CJCE, 2e ch., 24 janvier 1991, n° C-339/89

COUR DE JUSTICE DES COMMUNAUTÉS EUROPÉENNES

Arrêt

PARTIES

Demandeur :

Alsthom Atlantique (SA)

Défendeur :

Compagnie de construction mécanique Sulzer (SA)

COMPOSITION DE LA JURIDICTION

Président de chambre :

M. O'Higgins

Avocat général :

M. Van Gerven

Juges :

MM. Mancini, Schockweiler

Avocats :

Mes Normand, Tinayre

CJCE n° C-339/89

24 janvier 1991

LA COUR (deuxième chambre),

1 Par jugement du 10 mai 1989, parvenu au greffe de la Cour le 3 novembre suivant, le Tribunal de commerce de Paris a posé, en vertu de l'article 177 du traité CEE, une question préjudicielle concernant l'interprétation des articles 2, 3, sous f), 34 et 85, paragraphe 1, du traité CEE.

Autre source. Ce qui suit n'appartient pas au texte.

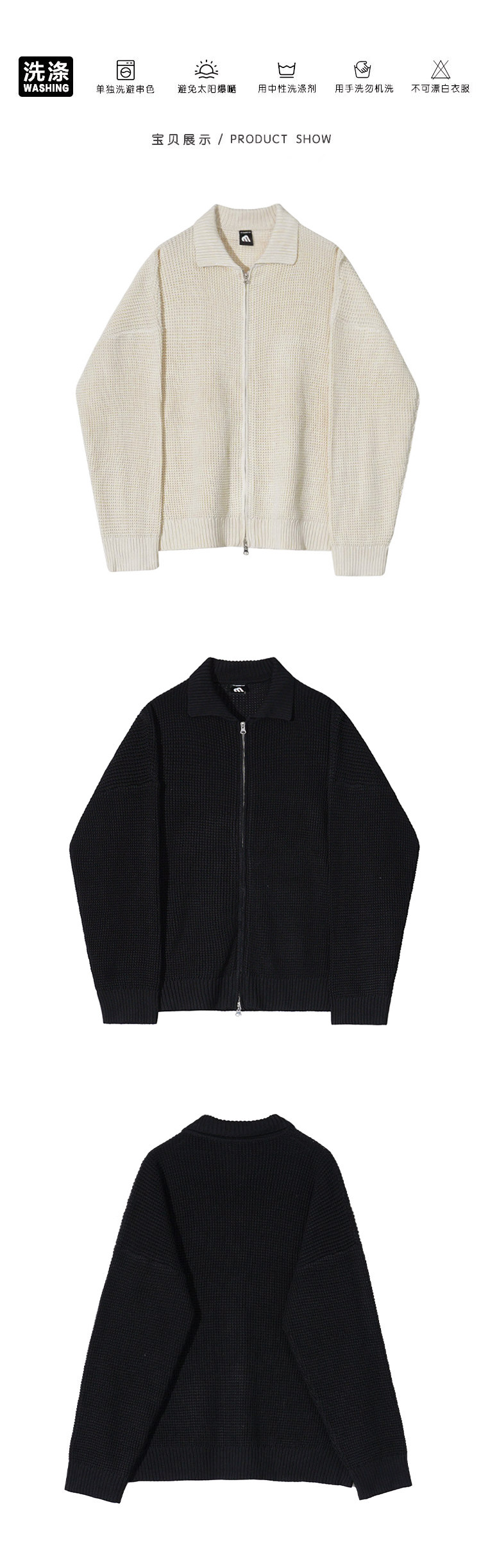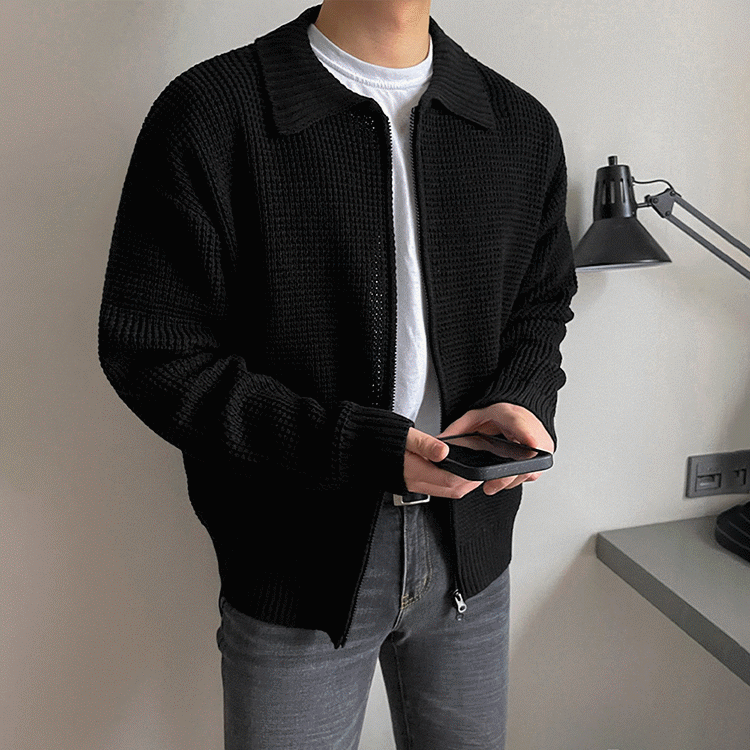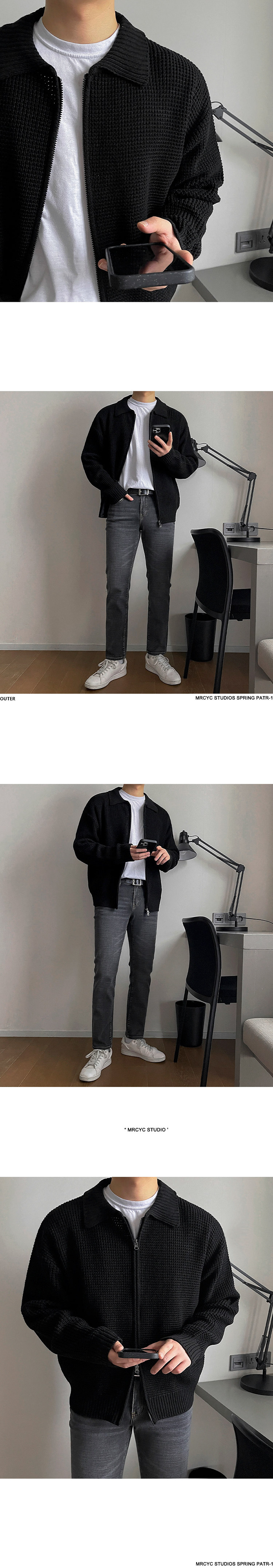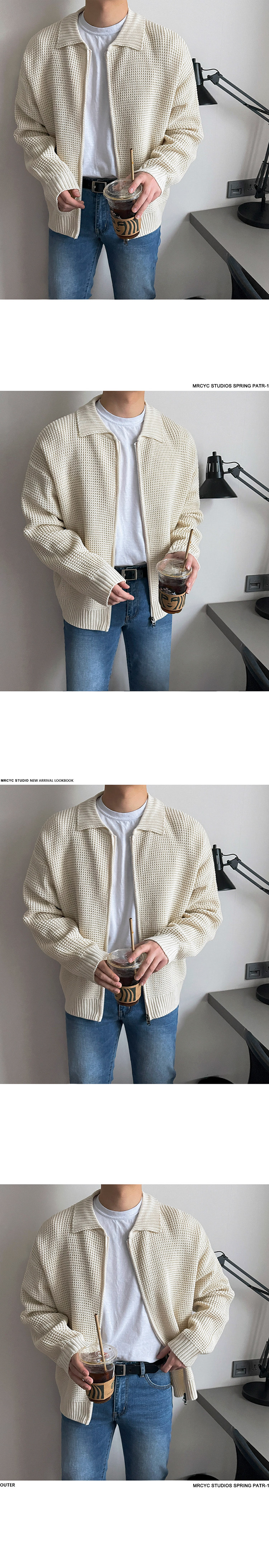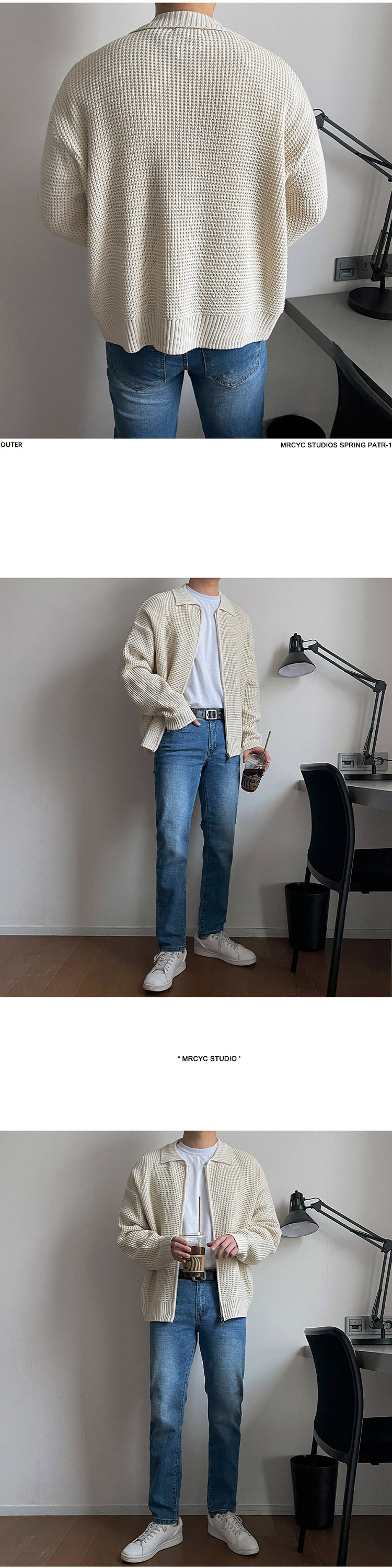 MRCYC繙領針織衫開衫男士秋季韓系潮流毛衣外套寬鬆休閒純色上衣

2 Ces questions ont été soulevées dans le cadre d'un litige opposant la société Alsthom Atlantique SA (ci-après "Alsthom ") à la société Compagnie de construction mécanique Sulzer SA (ci-après "Sulzer "), en présence de l'Union des assurances de Paris, appelée en garantie par Sulzer, à propos du mauvais fonctionnement des moteurs pour bateaux fournis par Sulzer à Alsthom et installés dans deux paquebots de croisière livrés à la compagnie néerlandaise Holland & America Tours (ci-après "HAT ").

3 L'une des principales questions débattues devant le juge national concerne l'article 1643 du Code civil français, qui est rédigé comme suit :

"Le vendeur 'est tenu des vices cachés, quand même il ne les aurait pas connus, à moins que, dans ce cas, il n'ait stipulé qu'il ne sera obligé à aucune garantie'."

4 Par sa jurisprudence, la Cour de cassation française a interprété cet article en ce sens que le fabricant ou le vendeur professionnel est soumis à une présomption irréfragable de la connaissance des défauts de la chose vendue et qu'il ne peut se dégager de cette présomption que s'il s'agit de relations contractuelles avec un professionnel de la même spécialité.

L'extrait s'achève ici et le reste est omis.